Когда же, проводив наконец родственников, они вернулись в гостиную, Дельфина взглянула на мужа.
— Почему у тебя такой вид? — спросил он. — Что случилось?
— Марсиаль, — сказала она серьезно и снова поглядела на него с сочувствием, чуть склонив голову. — Я тебя сейчас очень огорчу.
Марсиаль почувствовал, что бледнеет.
— Иветта?..
— Нет-нет… Звонила жена Феликса… Сама не знаю, как мне удалось с собой совладать… Не хотелось омрачать конец обеда… Понимаешь… Надеюсь, ты на меня не будешь сердиться?..
— Но что, что случилось?
— Феликс… — Она взглянула на него на этот раз с тревогой и сказала тихо, желая смягчить горестную весть. — Он… умер.
На несколько секунд Марсиаль потерял дар речи.
— Что-что? — пробормотал он наконец.
— Около восьми у него начался приступ. Его жена сказала, что, когда это случилось, он как раз сидел у камина. Он попытался встать, но рухнул в кресло. Она, конечно, перепугалась насмерть и тут же вызвала врача. Феликса разбил паралич, казалось, он даже не слышит, что ему говорят. В общем, что-то вроде комы. Приехал врач, объявил, что это аневризма, у него разорвался сосуд. Он умер спустя два часа, так и не придя в сознание.
Ошеломленный, Марсиаль сел и долго молчал. Наконец он произнес слово как будто мало подходящее к случаю:
— Сволочь!
— О, да!.. — вздохнула Дельфина.
— Можно обалдеть! — воскликнул он с чувством.
— Что тут скажешь?
— Вот уж удар ниже пояса.
Она наклонилась, поцеловала его.
— Мой бедный Марсиаль, — сказала она.
— Я расстался с ним в шесть часов, он был в абсолютном порядке. У него и в мыслях ничего такого не было.
— А как же может быть иначе? Приступ… Это всегда бывает без предупреждения.
— Ужасно…
— Я знала, ты будешь потрясен. И правильно сделала, что подождала, пока все разойдутся. Да?
— Да, конечно…
— Если бы я сразу сказала, всех бы прямо обдало холодом.
— Да-да!..
— Наверно, и десерт бы есть не стали, — сказала Дельфина задумчиво.
— Какой уж там десерт! — меланхолически прошептал Марсиаль и махнул рукой, словно говоря, что все суета сует, и десерт в том числе. — Черт подери, не могу опомниться. Расстался с ним в шесть, он был в полном порядке, а через два часа умер.
— Через четыре. Он умер в десять вечера.
— Я всегда говорил, что он слишком много ест. Гипертоник…
— И наверно, ему не хватало физической нагрузки.

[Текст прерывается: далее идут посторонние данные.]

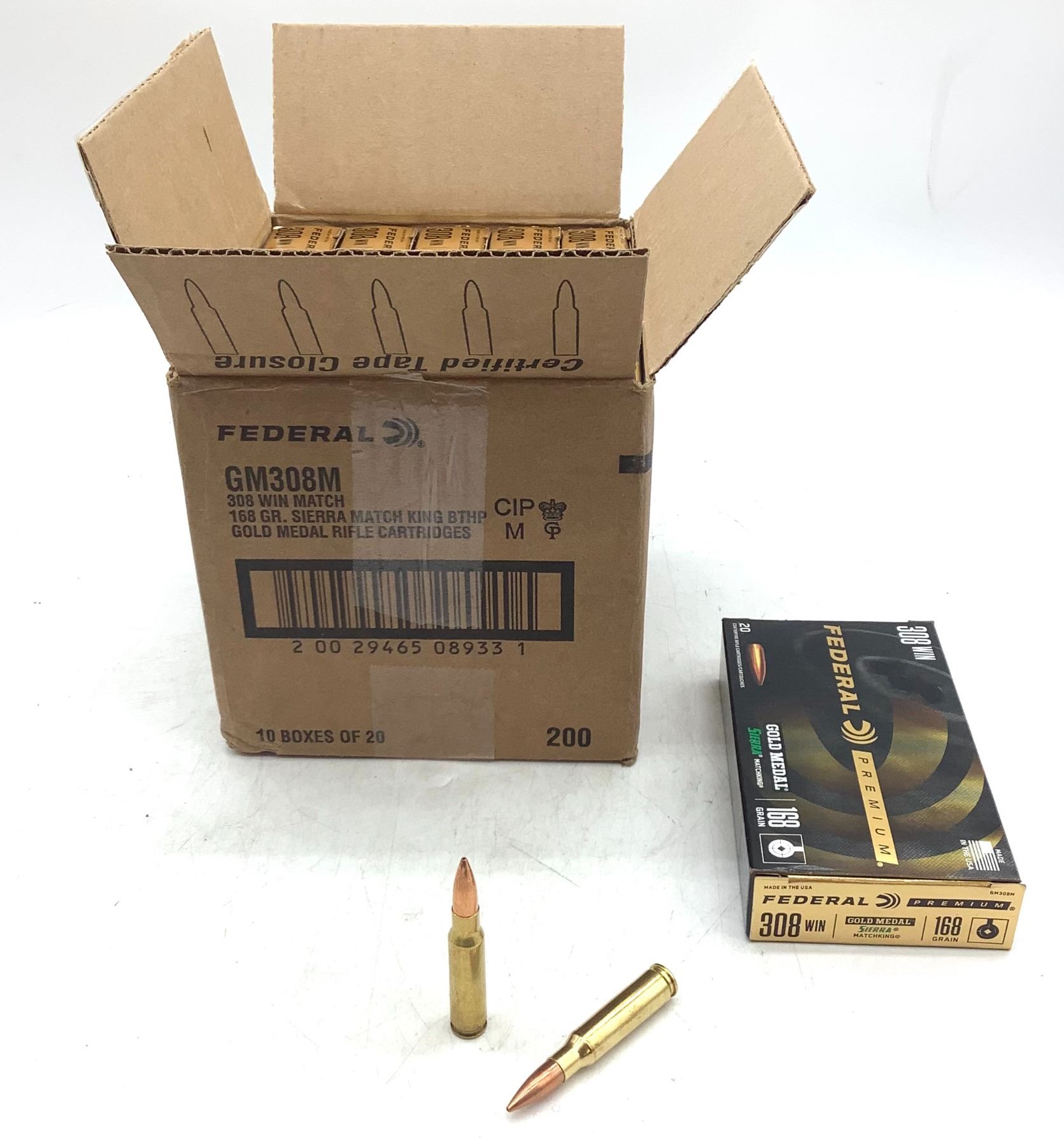 Federal Gold Medal 308 Win 168 Gr Sierra Match King BTHP Ammunition, 200 Rounds
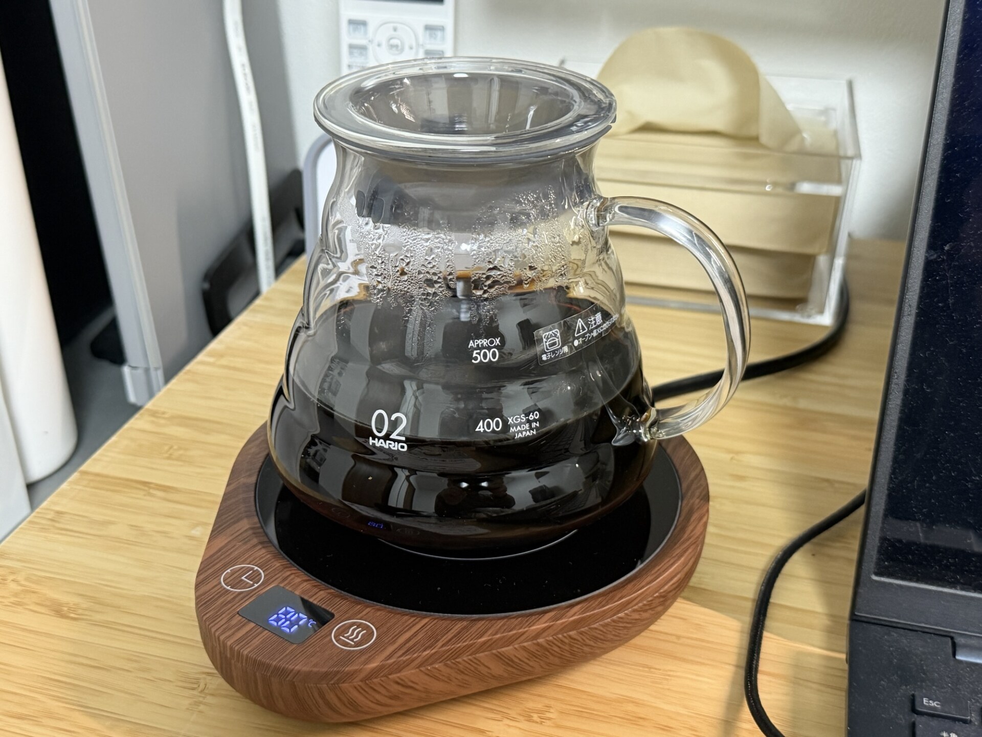 仕事部屋にはガラスサーバーのまま持っていって、カップウォーマーで保温します。「みるっこ」の導入に合わせて3000円ぐらいのカップウォーマーを導入したのですが、これは実に良いですね。もっと早く導入すればよかったです。これまではステンレス製の保温マグでコーヒーを飲んでいたのですが、やはり陶器のコーヒーカップで飲んだほうが美味しいです。

— Выходит, нас всех такое подстерегает? — спросил Марсиаль с тревогой.
— Думаю, все зависит от предрасположения.
— А что это в точности такое — разрыв аневризмы? Я знал, но забыл.
— Лопается артерия. Внутреннее кровоизлияние. Когда это случается в мозгу, кровь заливает клетки. Наступает паралич всех нервных центров.
— И долго можно быть парализованным?
— Очень. Иногда годами. Вспомни дядю Фернана…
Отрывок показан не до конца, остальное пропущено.